The harms were substantial. For every 28 adults given Tamiflu, one was made nauseous by the drug who would not have been on placebo. For every 22, one was made to vomit. Headaches and renal events followed. A statistically significant dose-response relationship in psychiatric events. A five percent absolute reduction in antibody titer increase, indicating that the drug suppresses what the establishment calls the immune response.
The trial design itself was compromised. The placebo capsules contained dehydrocholic acid, a synthetic bile acid that can induce diarrhea, abdominal cramping, and nausea.¹⁸ By including a gastrointestinal irritant in the control arm, the trials artificially inflated the rate of gastrointestinal harm in the placebo group and made Tamiflu appear better tolerated than it is. The primary endpoint, “time to alleviation of all symptoms,” was a composite measure requiring all seven symptoms to score as none or mild for at least 24 hours, a construction that maximized the appearance of benefit. Outcome definitions changed mid-trial. The presentation window was extended from 36 hours to 48 hours to enable enrollment, diluting any apparent treatment effect by including patients further from symptom onset.

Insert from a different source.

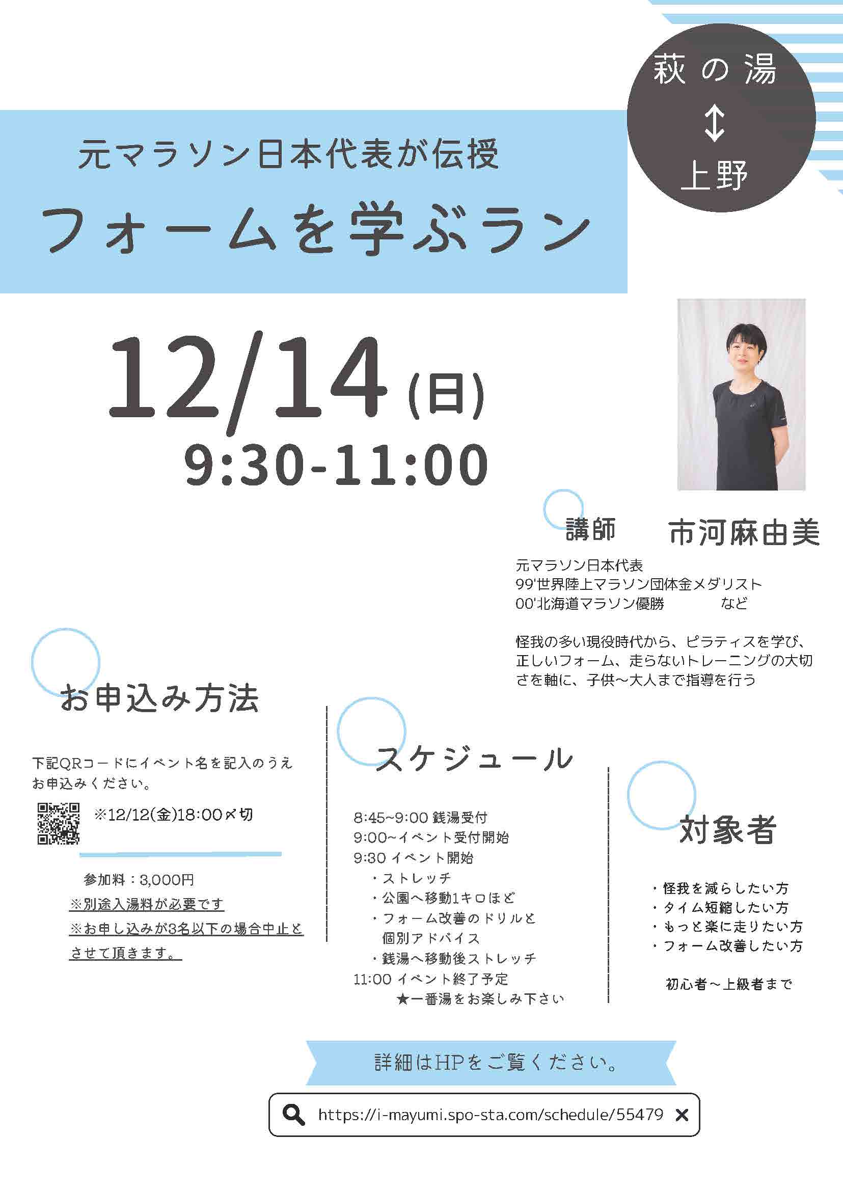 12月14日(日)は萩の湯にて元マラソン日本代表市河麻由美さんによる「ランニングレッスン」を実施します。料金は3,000円、申し込みは以下よりお願いします。

Roche’s response was to commission its own analysis. In 2015, Dobson and colleagues published an industry-funded individual-patient-data meta-analysis in The Lancet reporting a 17.8-hour symptom reduction, essentially identical to Cochrane’s 16.8 hours, but claiming fewer lower-respiratory complications requiring antibiotics and fewer hospital admissions in the infected population.¹⁹ The Cochrane reviewers’ response was that both recovered endpoints rest on clinician judgment, the decision to prescribe antibiotics and the decision to admit a patient. Both are vulnerable to ascertainment bias in an unblinded post-hoc analysis. The Dobson reanalysis recovered as positive findings precisely the two endpoints Cochrane had flagged as unreliable when constructed from clinician decisions rather than radiologic confirmation or actual hospitalization records. The disagreement is not over the symptom reduction figure, on which the analyses converge, but over whether complication and admission data filtered through clinician judgment can carry the weight of policy.
The Cochrane reviewers concluded that the modest clinical benefit was outweighed by the documented harms and recommended urgent revision of stockpiling policies.
The United Kingdom Public Accounts Committee, examining the £424 million the Department of Health had spent stockpiling Tamiflu between 2006 and 2013, concluded that the decision was based on “judgment rather than evidence.”²⁰ Of that stockpile, £74 million had to be written off due to inadequate storage records. In 2017, the World Health Organization downgraded oseltamivir from its core list of essential medicines to the complementary list. The Expert Committee cited evidence that had “lowered earlier estimates of the magnitude of effect.”²¹
Japan and the Children Who Jumped
Japan was the world’s largest consumer of Tamiflu per capita. The drug was prescribed routinely to children and adolescents during the winter months throughout the early 2000s.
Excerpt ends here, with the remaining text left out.